Despite the headlines, CIA chief George Tenet got off easy.
The day after Tenet testified before the 9/11 commission, The New York Times declared on the front page, “Sept. 11 Panel Cites CIA For Failures in Terror Case.” The Washington Post blared, “Al Qaeda Unchecked for Years, Panel Says: Tenet Concedes CIA Made Mistakes.” The news stories focused on a damning staff statement–one in a series of interim reports–issued by the commission that criticized Tenet’s agency for years of misjudgments and errors related to its perceptions and handling of the threat posed by al Qaeda. But when Tenet sat before the ten commissioners, he was praised by the members and faced not a single round of truly discomfiting questions. Though several of its members have referred to 9/11 as a massive intelligence failure, the panel was rather tame when it had the chance to publicly query the fellow who was (and remains) in charge of the system that failed. More importantly, the commissioners neglected to ask key questions. They were doing what the CIA and the FBI have been accused of: failing to connect the dots.
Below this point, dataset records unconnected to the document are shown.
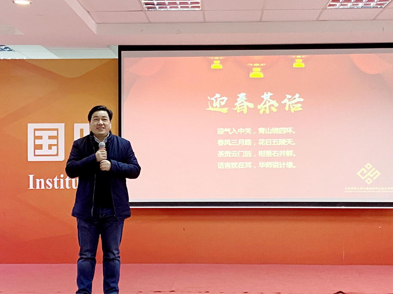 新春佳节来临之际,av影片 工会组织全院教职工开展新春茶话活动,党委书记王长波、副院长贺樑、副院长陈蕾、党委副书记徐世猛与大家欢聚一堂,辞旧岁、迎新春、道心声、话发展,共同展望美好未来。本次活动由工会主席谢瑾奎和工会委员杨文彧共同主持。谢主席表示珍惜此刻难得的相聚,更即兴赋诗一首,赢得阵阵掌声,对一年来各位老师给予工会工作的支持表示感谢。
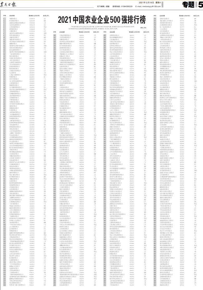 《農民日報》是我國歷史上第一張面向全國農村發行的報紙,是一份中央級、綜合性大報。2018年以來,農民日報社連續推出四屆中國農業企業500強榜單。2021年榜單參照國際通行評價辦法,由企業按照要求進行申報或采用公開數據,依據2020年農業企業營業收入排序產生,500強企業2020年營收范圍在12.47億元~5303.05億元之間。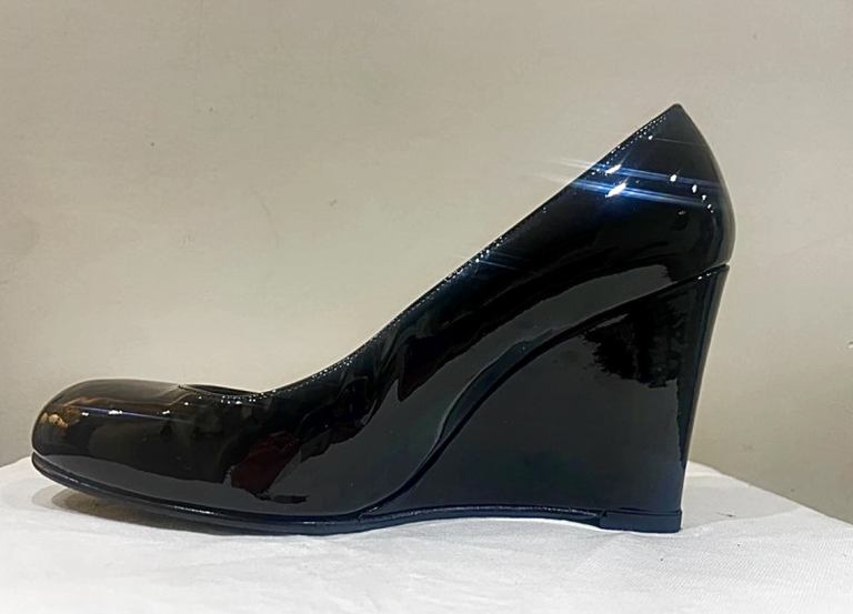 Lovely new shoes worn 2/3 times for short period. 3.5 inch height, size 5.5, slim fit.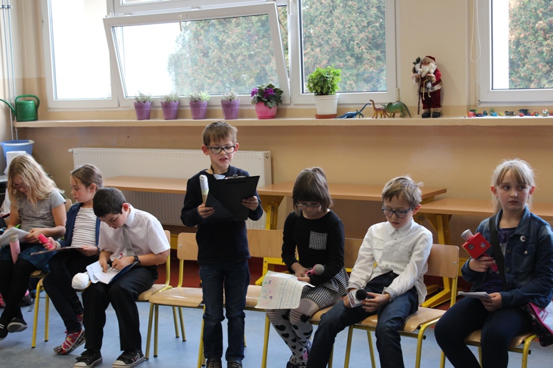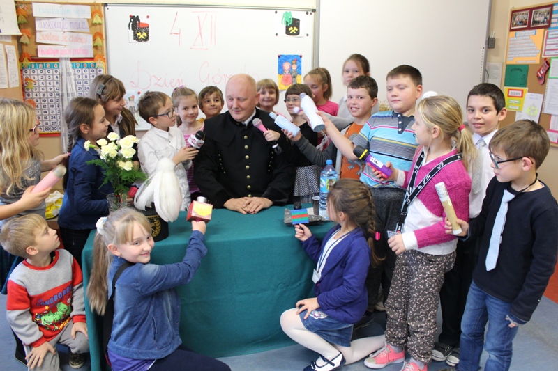 Pytania były różne, różniste od zawodowych, bardzo fachowych do osobistych. Mali dziennikarze/reporterzy wykazali się dużym profesjonalizmem, zaś pan górnik dużą cierpliwością, odpowiadając z uśmiechem na wszystkie pytania.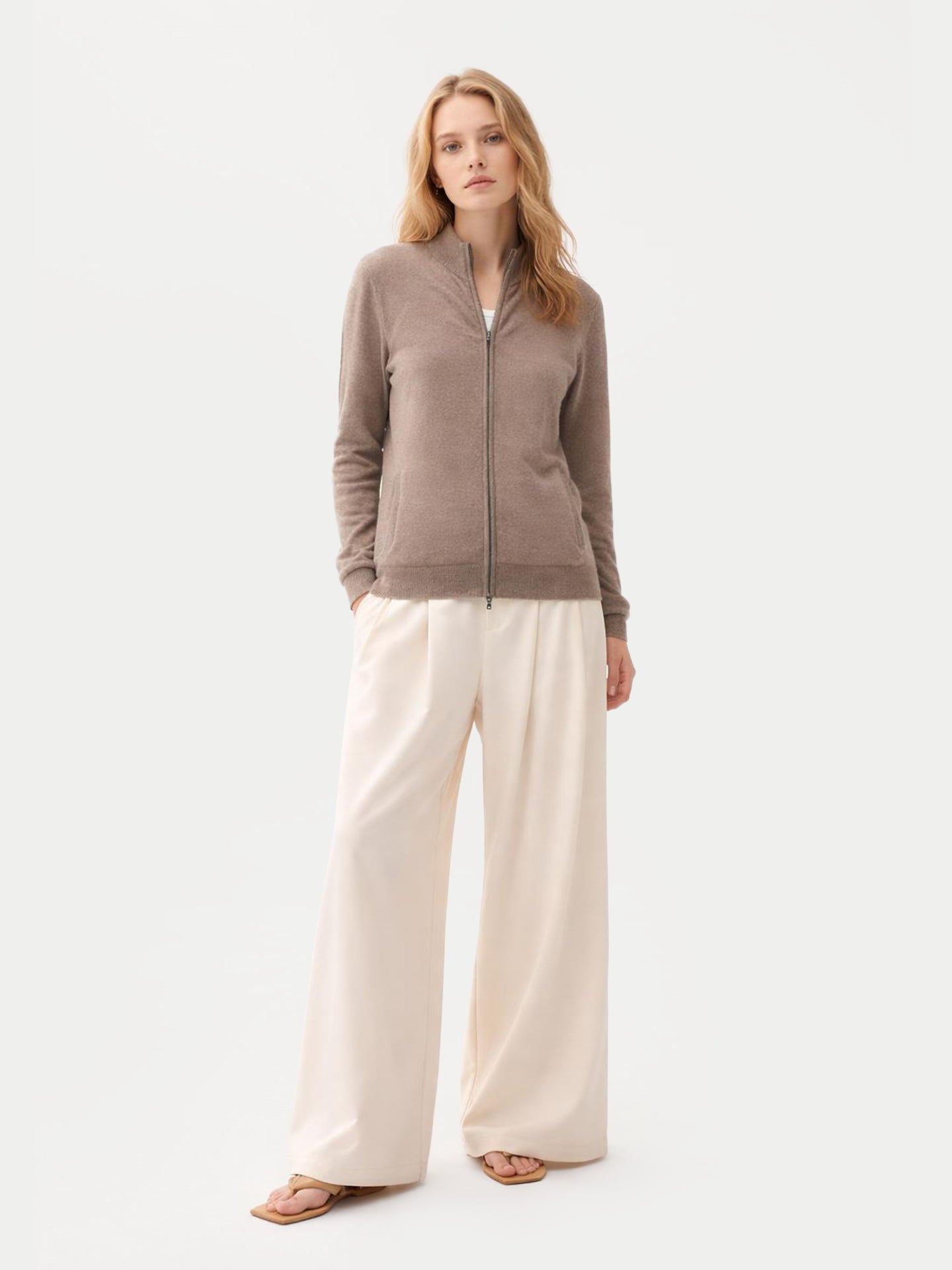 • Women's Cashmere Full-Zip Cardigan Taupe - Gobi Cashmere

Before examining the issues that Tenet did not have to confront, let’s look at some of the alarming findings of the commission’s staff statement on the “performance of the Intelligence Community.”
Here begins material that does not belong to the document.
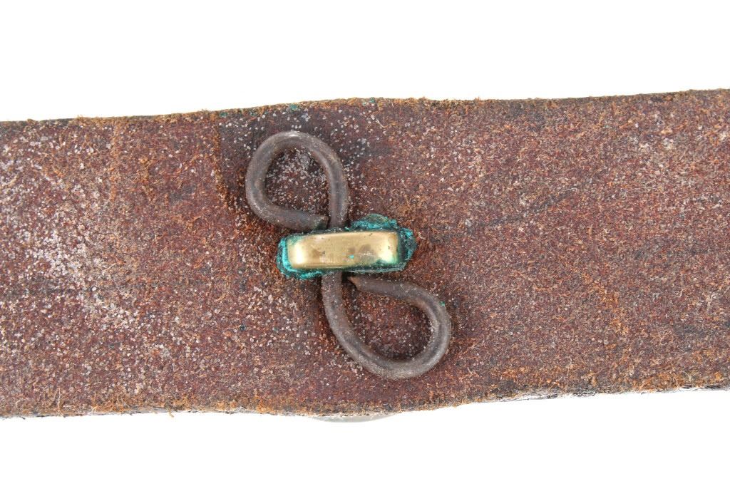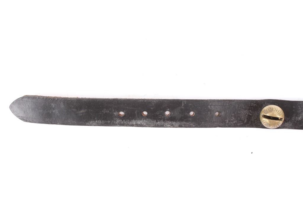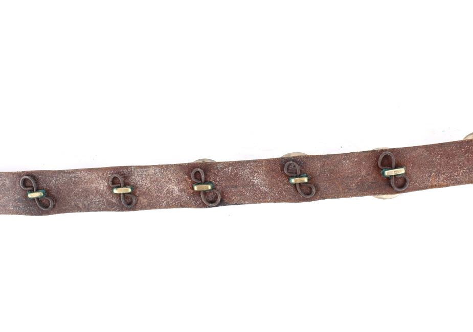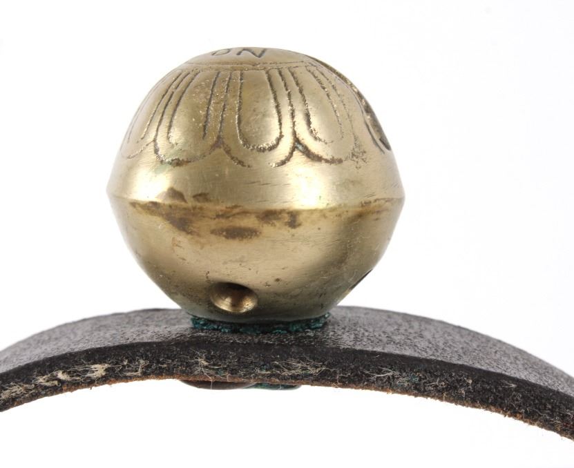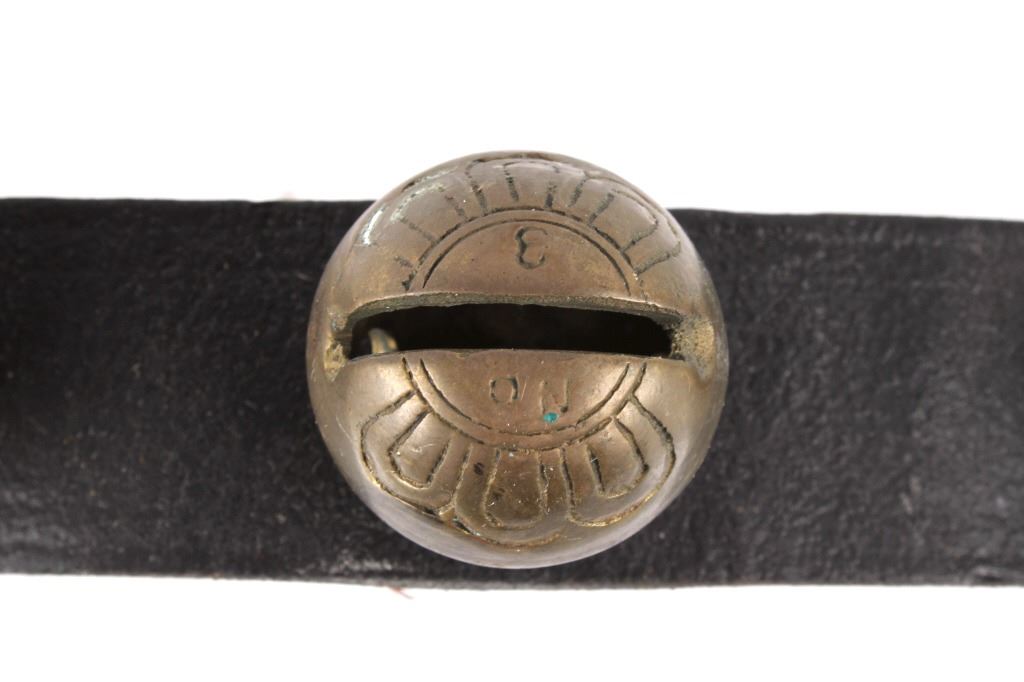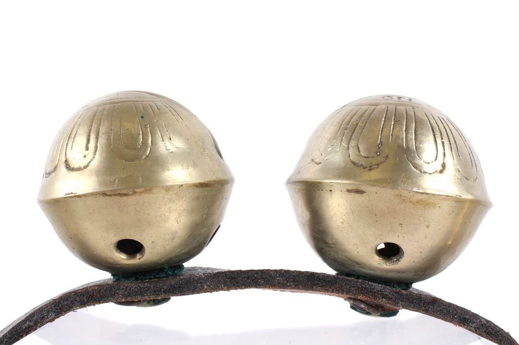 For your consideration is this large graduated brass sleigh bells on harness leather collar. The bells size and type range #12 bells to #1 size bells and are graduated smallest on outside with the largest bells in the center. There are 23 bells in total on this harness leather collar. The condition of this of this sleigh bell collar is good with no obvious signs of damage and shows heavy patina in areas on the brass bells. The measurements of this of this sleigh bells 80" x 3".

* The report notes, “While we know that al Qaeda was formed in 1988, at the end of the Soviet occupation of Afghanistan, the Intelligence Community did not describe this organization, at least in documents we have seen, until 1999. As late as 1997, the [Counterterrorism Center of the CIA] characterized Usama bin Ladin as a financier of terrorism.” This is a brutal assessment. Al Qaeda had been involved in several attacks against U.S. targets years before 1999, and the CIA even had information prior to 1997 that showed that bin Laden was much more than a moneyman for Islamic terrorists. In 1996, according to the commission, a walk-in source told the CIA that bin Laden’s organization had been involved in a 1992 attack in Yemen against U.S. military personnel, the 1993 shootdown of U.S. Army Blackhawk helicopters in Somalia, and possibly the 1995 bombing of an American training mission in Saudi Arabia.
* Although the intelligence community received several reports in the years before 9/11 noting that Islamic extremists were interested in hijacking airliners and turning them into weapons, the CIA did nothing in response. Its Counterterrorism Center (CTC) did not analyze how a hijacked airliner might be used as a weapon. It did not consider how to defend against such an attack. The CIA did not tell its spies and analysts–or those of other intelligence agencies–to look for signs that terrorists were pursuing such a scheme. (One indicator might be that a person linked to terrorist outfits was seeking flight training.) If it had, perhaps the hints that did come in–such as the August 2001 arrest of Zacarias Moussaoui, the suspicious flight school student, might have triggered action. In late August, Tenet and other CIA officials received a briefing on the Moussaoui arrest under the heading, “Islamic Extremist Learns To Fly.” Imagine what response could have occurred, had the CIA been primed to pick up on clues that terrorists were interested in a 9/11-like scenario.